28 April 2015

Wash away your sins with Heidi Swanson

Faithful readers of this blog know that I have a bit of a food crush on Heidi Swanson, author of Super Natural Everyday, among others, and curator of fabulous recipes and food photography at 101 Cookbooks.   Her food often falls into what we affectionately call "California hippie food" around here.  She utilizes lots of whole grains, various exotic beans and spices, and avocado makes regular appearances in her recipes.  I find myself referring to her when the weather turns warm and I feel inspired to be healthier (pity that doesn't happen all the time), and especially when the grumbling in my belly is partly from hunger and partly from the dehydration that comes with drinking too much gin the night before.  I don't have the willpower--or the desire--to starve myself on a "cleanse", so this is it for me: cutting out the meat and grease and just eating pure, unprocessed foods that are delicious and fill me up.  Here's one of my current favorites from her blog, and if you keep some cooked grains and beans in the freezer for these times, it's a cinch to make on a groggy Saturday morning.  I have made some substantial modifications, so if you want to compare this to the original, go here.

Heidi Swanson's Mung Yoga Bowl Recipe 2.0

Serves 4-6

For the sauce:
1 cup Greek yogurt
1/2 tablespoon minced ginger
1/2 small serrano chile, seeded
1/2 cup cilantro, plus more for serving
1/4 cup green onions
1/2 cup spinach
1 teaspoon olive oil
1 teaspoon salt

5-6 cups cooked mung (or other) beans (black beans or lentils work very well, too)
1 cup cooked grains (quinoa, farro, barley, or brown rice are my favorites)
1/3 cup toasted almonds and/or pepitas
3 tablespoons warmed olive oil
1 1/2 teaspoons smoked paprika
lots of freshly squeezed lime juice

In a medium frying pan, warm 1 teaspoon of oil.
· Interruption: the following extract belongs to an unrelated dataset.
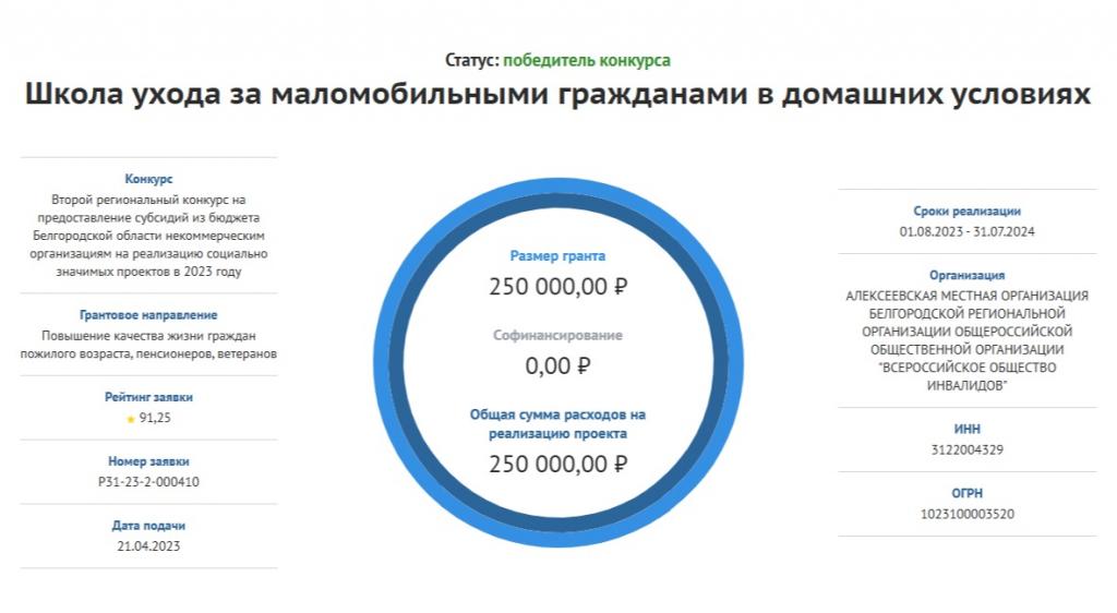 Наш проект "Школа ухода за маломобильными гражданами в домашних условиях" стал победителем конкурса на предоставление субсидий из бюджета Белгородской области некоммерческим организациям на реализацию социально значимых проектов.

Add the serrano, spinach, 1/2 cup cilantro, and green onion and cook, stirring constantly, until spinach is completely wilted, about 3 minutes. Place this mixture along with the ginger, yogurt, ans salt, in a blender.Blend until smooth, taste and adjust, if needed.

Just before serving, combine the beans and grains in a large bowl, and sprinkle with the nuts. Dollop generously with the yogurt sauce, and then whisk together the olive oil and paprika. Drizzle this across the bowl. Finish with a good amount of lime juice, and more salt, if needed.